Optional capabilities (duck-typed) enable:

planner pause/resume state
memory state persistence
task/session updates and steering inbox
artifact integration

See State store.

2) `MessageBus` (distributed edges)¶

A MessageBus is a minimal interface:

publish(envelope: BusEnvelope) -> None

The runtime can publish edge traffic to a message bus so downstream workers can process edges out-of-process.

3) `RemoteTransport` + `RemoteNode` (remote execution)¶

Remote calls are modeled as:

RemoteTransport.send(request) -> RemoteCallResult (unary)
RemoteTransport.stream(request) -> AsyncIterator[RemoteStreamEvent] (streaming)
RemoteTransport.cancel(agent_url, task_id) (cancellation)
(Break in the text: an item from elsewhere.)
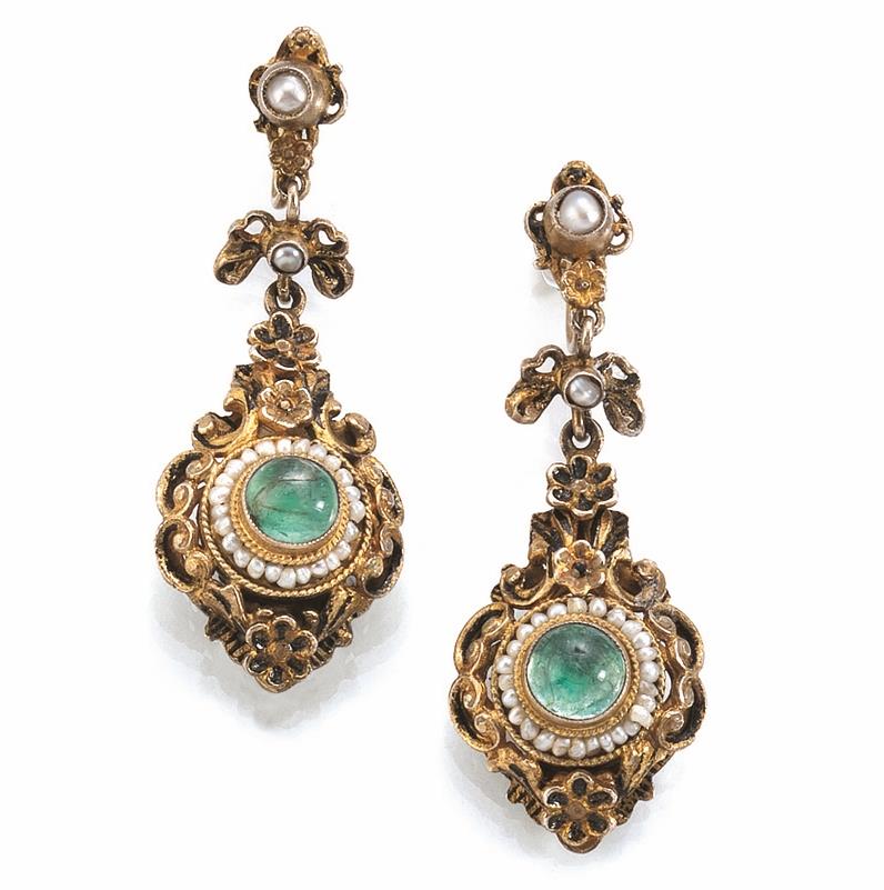 PAIO DI ORECCHINI PENDENTI, SEC. XIX, IN ORO A BASSO TITOLO, SMERALDI, MICROPERLE E SMALTI

RemoteNode(...) builds a Node that proxies work to a remote agent/service through a transport.

Key operational point:

remote cancellation requires a durable task_id and a transport implementation that supports cancellation.

4) A2A bindings (`penguiflow_a2a`)¶

PenguiFlow includes A2A-inspired server/client bindings in the penguiflow_a2a package:

server: A2AService + create_a2a_http_router(...) / install_a2a_http(...) / create_a2a_http_app(...)
client transport: A2AHttpTransport (implements RemoteTransport)

Install extras:

server: pip install "penguiflow[a2a-server]"
client: pip install "penguiflow[a2a-client]"
gRPC bindings: pip install "penguiflow[a2a-grpc]"
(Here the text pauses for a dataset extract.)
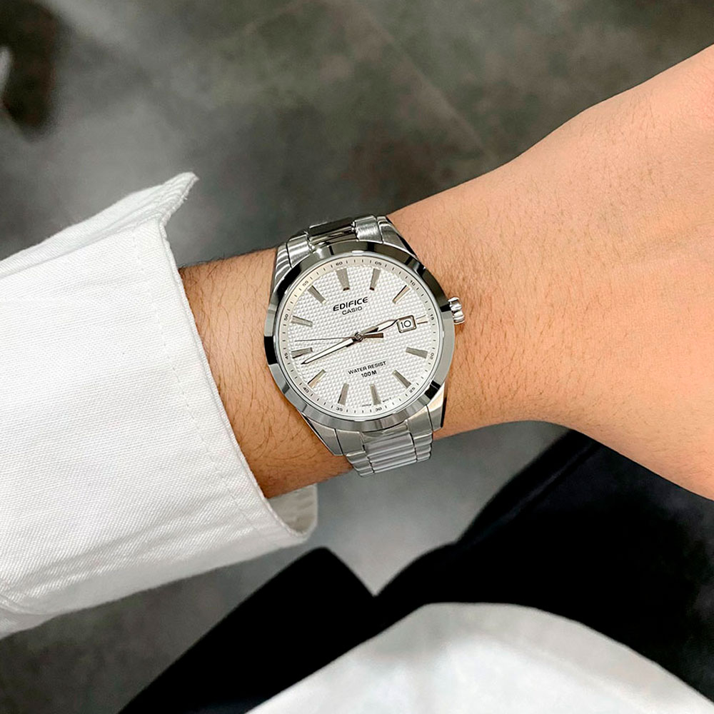 Edifice. Мужские часы. Текстурный циферблат с метками в виде штрихов украшен узором «Clous de Paris». Окошко даты находится в положении 3 часа. Задняя крышка с винтовым фиксатором. Батарейка рассчитана на 3 года. Браслет с тройной раскладывающейся застежкой, расстегиваемой одним касанием.

Operational defaults (recommended)¶

Always use envelope messages (Message) and set:
Headers.tenant (tenant boundary),
trace_id (correlation).
Time-bound every remote boundary:
node timeouts for the remote node,
request-level deadlines (Message.deadline_s) when appropriate.
Persist bindings:
enable record_binding=True for remote nodes,
ensure your StateStore.save_remote_binding is implemented and durable.
Assume at-least-once delivery in the surrounding platform:
make remote calls idempotent where possible,
avoid side effects on retry without idempotency keys.

Failure modes & recovery¶

Remote tasks leak (can’t cancel): you didn’t persist task_id bindings or your transport doesn’t support cancel.
Fix: implement save_remote_binding and use a transport with cancellation; enforce job deadlines so leaks are bounded.
Cross-tenant leakage: remote calls share auth tokens or re-use trace ids across tenants.
Fix: isolate by Headers.tenant + per-tenant credentials; never reuse trace ids across tenants.
Retry storms: transient remote failures trigger retries across multiple workers.
Fix: cap retries, add backoff, and add circuit-breaker behavior at the boundary.

Observability¶

Distributed execution needs two layers:

Runtime events (FlowEvent) per worker:
queue depth, node lifecycle, retries/timeouts, cancellations, deadline skips.
Remote events from remote nodes/transports:
remote call latency,
remote status and task ids,
cancellation success/failure.

Recommended dashboards/alerts are covered in Metrics & alerts.

Security / multi-tenancy notes¶

Treat remote agent URLs as sensitive and validate/allowlist them.
Do not log raw remote payloads by default; log ids + summaries + structured metadata.
If you accept callback URLs (webhooks), validate them (SSRF protection).

Runnable examples¶

uv run python examples/a2a_grpc_server/flow.py
uv run python examples/trace_cancel/flow.py

For remote-node patterns (transport-dependent), search for RemoteNode( usage in examples and tests.

Troubleshooting checklist¶

If a system “works locally” but fails distributed:
confirm StateStore durability and idempotency,
confirm queue/worker semantics (visibility timeout, retries),
confirm per-trace correlation (fetch(trace_id=...)) and tenant headers.